Despite Economy, Fewer Taking a Vacation from Vacation
The allure of the “stay-cation” trend seems to be wearing off. While most travelers aren’t breaking the bank on exotic vacations, they are venturing out of their own back yards. Despite high prices at the pump and costly hotel rooms, this summer has people planning less expensive outings such as beach getaways, visiting historical landmarks and spending time in the great outdoors.
We conducted a recent online poll about road trip preferences and budgetary concerns. Over 500 would-be travelers responded. According to the results, lodging takes up the largest part of their budget, followed by travel costs, food, activities, and shopping, respectively. This year, hotel rates are up 5 to 10 percent, depending on the amenities. Plus, gas costs between $3.40 and $4.20 per gallon on average, more than $1 higher than last year, proving that travel costs are taking a larger chunk out of the wallet.
Unfortunately for souvenir shop owners, survey respondents ranked shopping as the lowest cost in their vacation budget. Vacationers may be trading off the shopping sprees and trinket hunting in order to make up for the cost of places to stay and gas prices. In this economy sacrifices have to be made, and it appears shopping is where travelers are choosing to do so.
The Beach Beats the Ballgame
Nearly 40 percent of the poll respondents listed relaxing on the beach as the top activity on their ideal summer road trip. A beach trip may be popular during these trying and unstable economic times because it often takes less planning and can be very relaxing too.
Seeing landmarks and historical sights, and hiking and camping both made the list for 18 percent of respondents. These options could be second and third because of their lower costs. Both camping and visiting landmarks are big draws for family vacations too.

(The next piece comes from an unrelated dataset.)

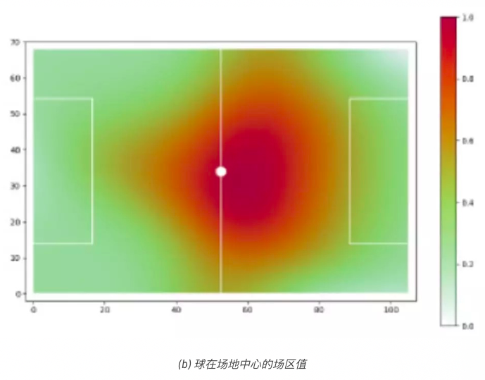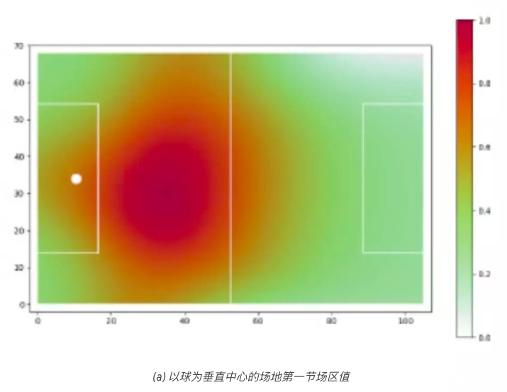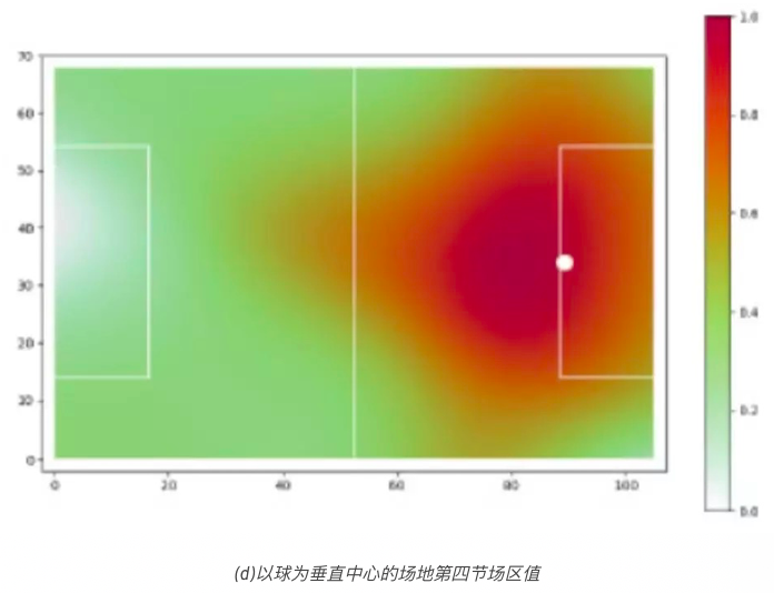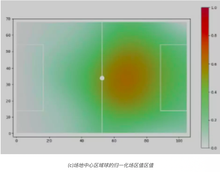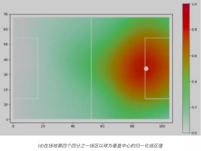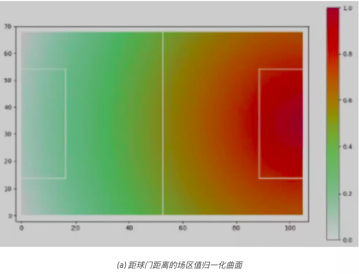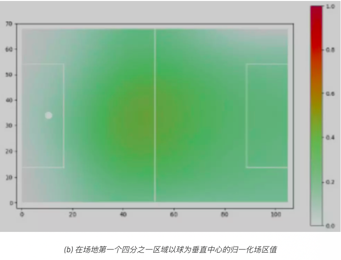 从该模型我们了解到,球附近的位置在一定范围内其价值不断增加,这样就可以有效地理解如何根据球的位置来转换场区值。此模型尚缺乏直觉推理。在第一个四分之一场区的位置值较高的位置的空间生成,不应与最后一个四分之一场区的有较高的位置值的位置有相同的估值。换句话说,当场区越往前,越接近对方的球门,空间的累积值就越高。为了适应这种直觉思维方式,我们将获得的场区值依据位置距球门的距离,在[0,1]范围内归一化。

According to a survey done by American Express, nearly 70 percent of people traveling this summer will be doing so with immediate family, up almost 30 percent from last year.
Only 12 percent of respondents plan on visiting relatives or friends. Though this option saves money, travelers may be saving this for the holidays. (No doubt a disappointing result for many mother-in-laws.)
Going to an amusement park/ballgame/attractions—while these activities are popular, they are not the primary motivation for choosing a destination. Money and planning effort may be keeping some families off the roller coaster this year.
Travelers are spending more this year, but keeping an eye on excessive transportation costs, according to AOL’s Great Big 2011 Summer Travel Poll. Instead of spending significant dollars on getting to a destination, vacationers are spending money on actually doing things, like visiting national parks.
No matter the vacation choice, the open road seems likely to be more congested this summer. Even with higher gas prices and more expensive hotel rooms, don’t be surprised to see more cars on the highway, more crowded airplanes, and more of your fellow travelers at parks, historical sites and the seashore.